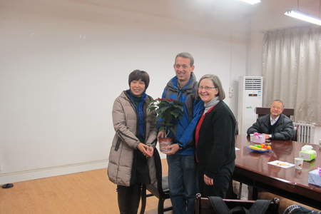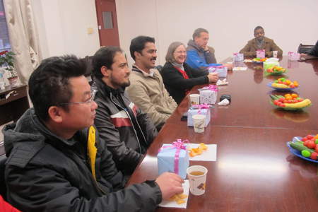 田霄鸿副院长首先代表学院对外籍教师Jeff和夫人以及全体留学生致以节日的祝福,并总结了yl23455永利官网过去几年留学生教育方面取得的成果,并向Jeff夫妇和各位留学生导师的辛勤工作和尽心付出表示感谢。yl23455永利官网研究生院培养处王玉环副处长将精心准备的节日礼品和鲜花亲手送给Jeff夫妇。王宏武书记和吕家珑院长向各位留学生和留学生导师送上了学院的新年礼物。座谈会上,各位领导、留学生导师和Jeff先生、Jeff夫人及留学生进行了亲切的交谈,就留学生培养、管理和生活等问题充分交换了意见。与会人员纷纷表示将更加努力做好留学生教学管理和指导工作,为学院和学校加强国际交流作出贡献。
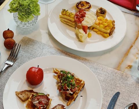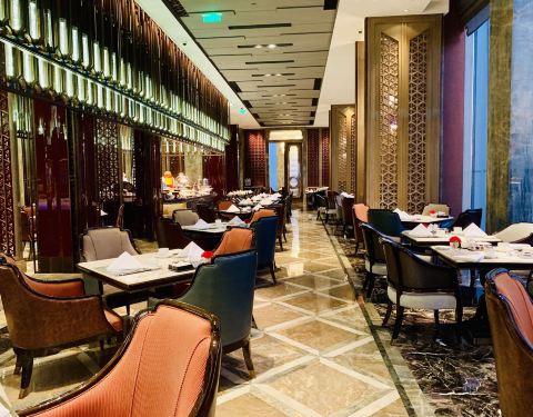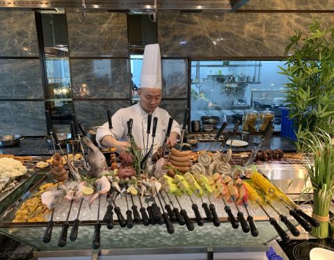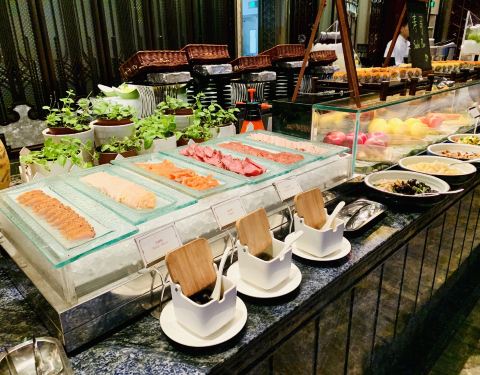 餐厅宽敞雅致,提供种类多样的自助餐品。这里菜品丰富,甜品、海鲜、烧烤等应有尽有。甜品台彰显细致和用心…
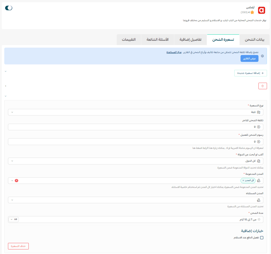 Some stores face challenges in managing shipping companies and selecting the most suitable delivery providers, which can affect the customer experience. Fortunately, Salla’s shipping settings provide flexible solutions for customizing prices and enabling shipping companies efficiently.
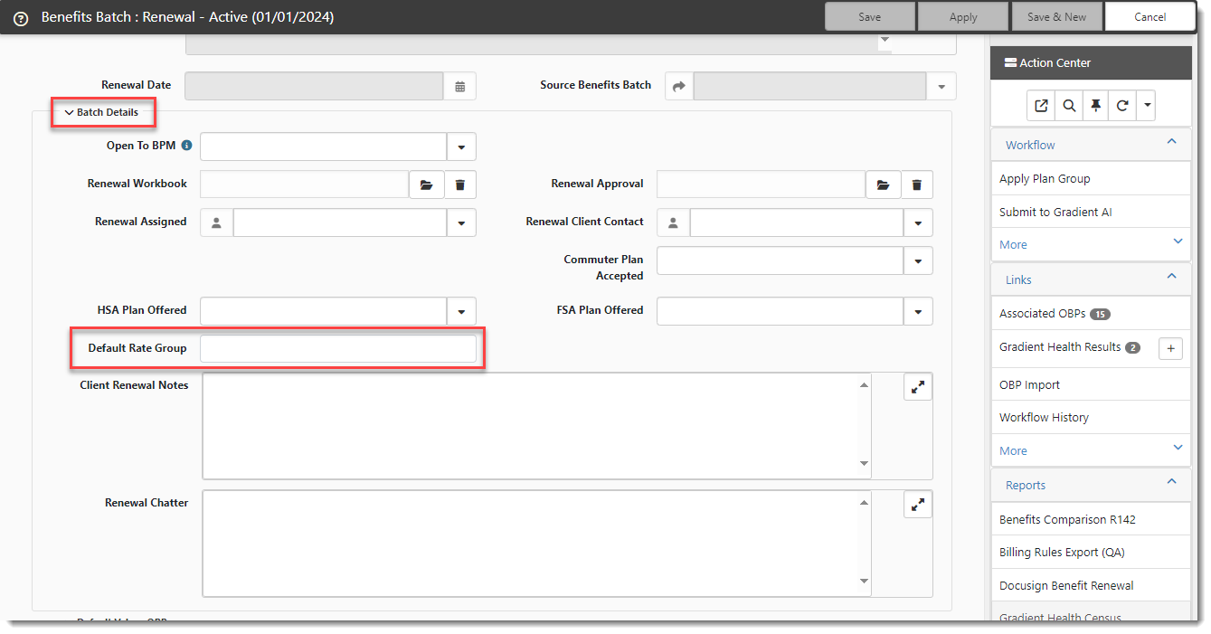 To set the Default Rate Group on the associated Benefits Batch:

- YOUR INSTRUCTIONS
Keep the pictures out of the copy and write out the data exactly as it stands.

- PROBLEM SOLUTION
 田霄鸿副院长首先代表学院对外籍教师Jeff和夫人以及全体留学生致以节日的祝福,并总结了yl23455永利官网过去几年留学生教育方面取得的成果,并向Jeff夫妇和各位留学生导师的辛勤工作和尽心付出表示感谢。yl23455永利官网研究生院培养处王玉环副处长将精心准备的节日礼品和鲜花亲手送给Jeff夫妇。王宏武书记和吕家珑院长向各位留学生和留学生导师送上了学院的新年礼物。座谈会上,各位领导、留学生导师和Jeff先生、Jeff夫人及留学生进行了亲切的交谈,就留学生培养、管理和生活等问题充分交换了意见。与会人员纷纷表示将更加努力做好留学生教学管理和指导工作,为学院和学校加强国际交流作出贡献。
 餐厅宽敞雅致,提供种类多样的自助餐品。这里菜品丰富,甜品、海鲜、烧烤等应有尽有。甜品台彰显细致和用心…
 Some stores face challenges in managing shipping companies and selecting the most suitable delivery providers, which can affect the customer experience. Fortunately, Salla’s shipping settings provide flexible solutions for customizing prices and enabling shipping companies efficiently.
 To set the Default Rate Group on the associated Benefits Batch:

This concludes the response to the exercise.